%%
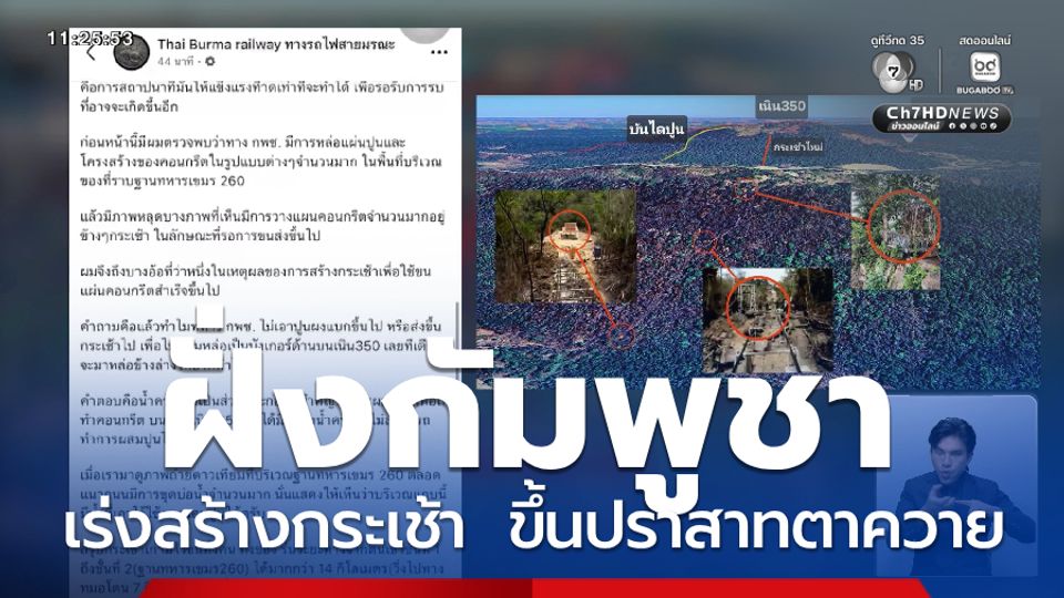 ห้องข่าวภาคเที่ยง - ความเคลื่อนไหวฝั่งกัมพูชา ล่าสุดพบทางการกัมพูชา เร่งสร้างกระเช้า เพื่อขึ้นปราสาทตาควาย คาดว่าใช้ขนส่งอาวุธ และอุปกรณ์ทำบังเกอร์
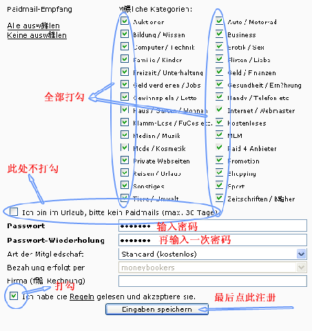 2、打开注册地址后点网页左边中部 Mitglieder栏目下的 Anmelden,出现如下界面
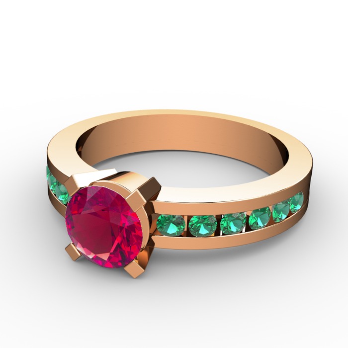 Rodolit garnet ve yeşil kuvars 18 ayar rose altın yüzük
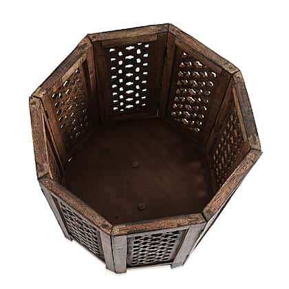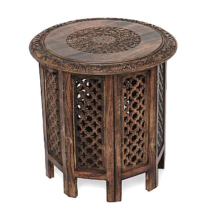 - JALI DETAIL FOR LATTICEWORKJali stand in Antique Burn finish makes this wooden tables stand apart from the crowd
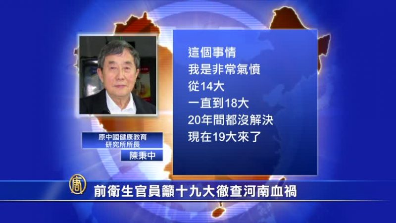 【新唐人2017年10月10日讯】中共前卫生部高官陈秉中日前投书海外《维权网》,呼吁习近平当局在即将召开的中共十九大报告上,增添“一定要将河南血祸彻查到底”的内容,以体现取信于民的决心。
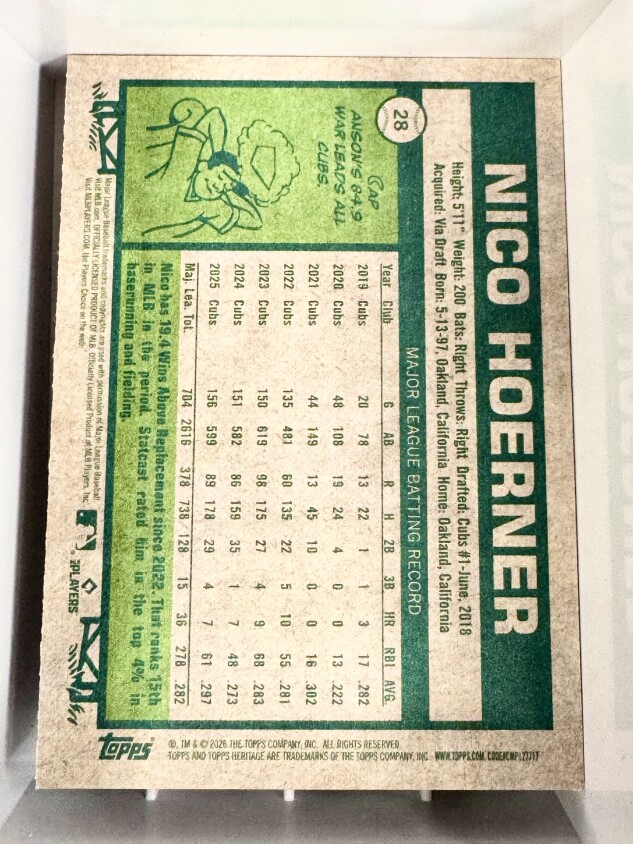 You are purchasing a 2026 Topps Heritage Nico Hoerner #28. You will receive the exact item in the photographs. Thank you for looking.
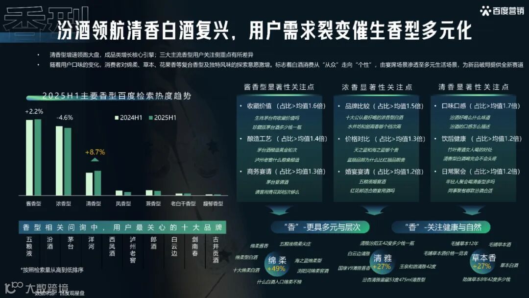香型,是白酒的灵魂所在,亦是其独特魅力与价值表达的根基。25年清香型白酒热度持续领跑,展现出强劲的市场潜力。从用户认知与需求层面看,三大主流香型已形成差异化的定位格局:酱香型白酒与收藏价值、精湛工艺及高端商务场景深度绑定;浓香型则侧重于品牌力对比、价格区间以及婚宴等大众宴请场合;清香型更聚焦于纯净口感、饮后舒适度及日常聚饮等高频生活场景。
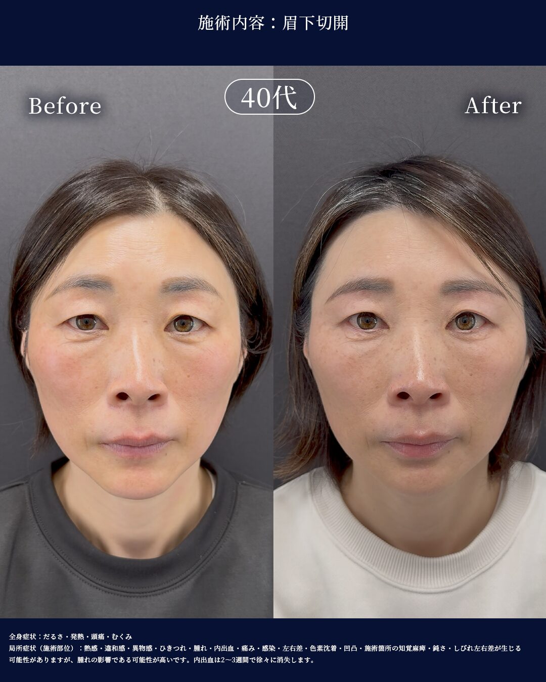 眉下切開の症例紹介|40代女性|自然で傷跡の目立たない仕上がり【ラメールクリニック】
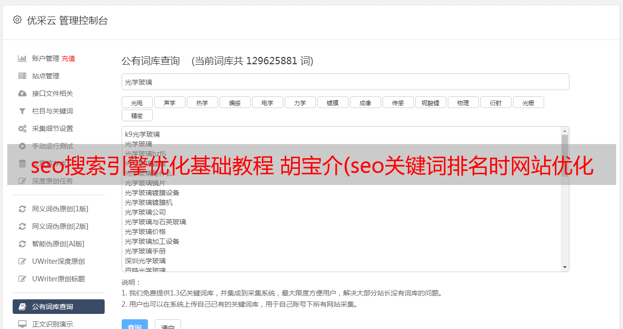 优采云 发布时间: 2021-12-19 12:06seo搜索引擎优化基础教程 胡宝介(seo关键词排名时网站优化的关键所在《排名位置》)
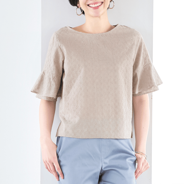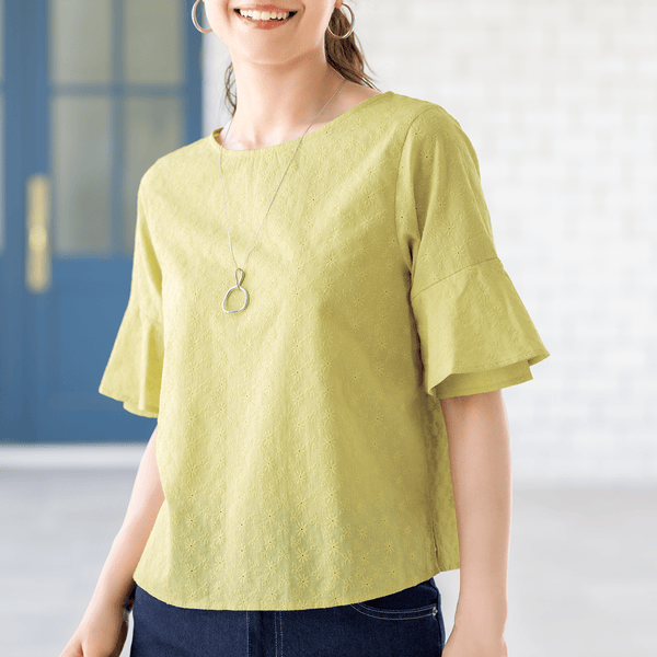 コットン素材のエンブロイダリーレースが軽やかなブラウス。ストンとしたシルエットとラッフルスリーブが風を通して涼しげ。身丈は長すぎないのでウエストアウトでもバランスをとりやすく、ボトムスを選びません。
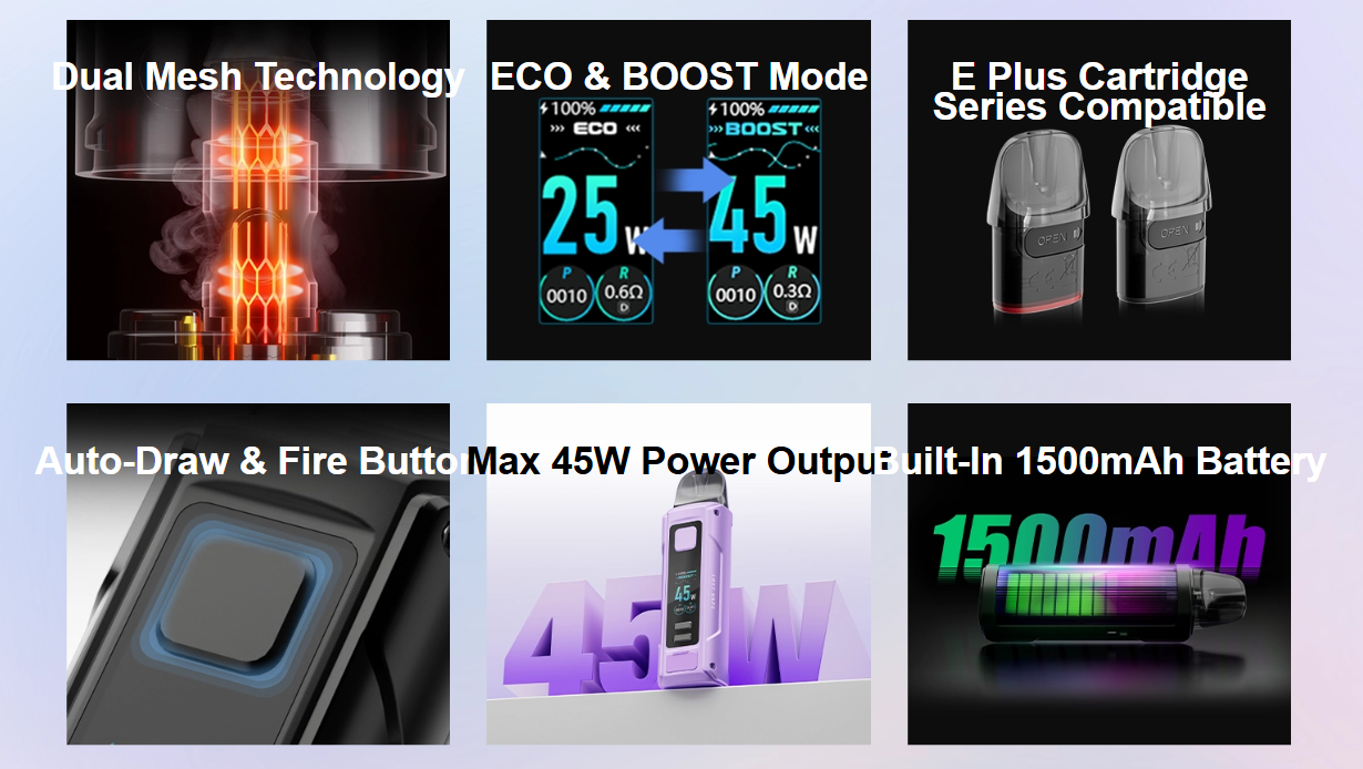 In contrast, the Thelema Nano pushes the boundaries of pod vaping with 45W max output, a 1500mAh battery, and Dual Mesh technology in the E Plus cartridges. The star of the show is its ECO & BOOST modes—ECO saves battery and coil life by firing only one mesh, while BOOST activates both coils for intense flavor and denser clouds. This makes it perfect for flavor chasers and vapers who prefer sub-ohm performance in a pod-sized format.
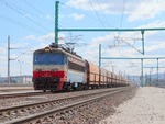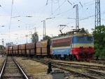 A private electric locomotive with number 91 52 00 43 556 - 7 , owned by private operator TPPBD ("Termo Power Plant Bobov Dol") at railway station Pazardjik with freight train.
%%
* [PROBLEM] Give back exactly the lines of the listing above from the one that contains "眉下切開の症例紹介|40代女" up to and including the one that contains "コットン素材のエンブロイダリ", but not the pictures, and no other lines.

* [EXPECTED OUTPUT]
 眉下切開の症例紹介|40代女性|自然で傷跡の目立たない仕上がり【ラメールクリニック】
 优采云 发布时间: 2021-12-19 12:06seo搜索引擎优化基础教程 胡宝介(seo关键词排名时网站优化的关键所在《排名位置》)
 コットン素材のエンブロイダリーレースが軽やかなブラウス。ストンとしたシルエットとラッフルスリーブが風を通して涼しげ。身丈は長すぎないのでウエストアウトでもバランスをとりやすく、ボトムスを選びません。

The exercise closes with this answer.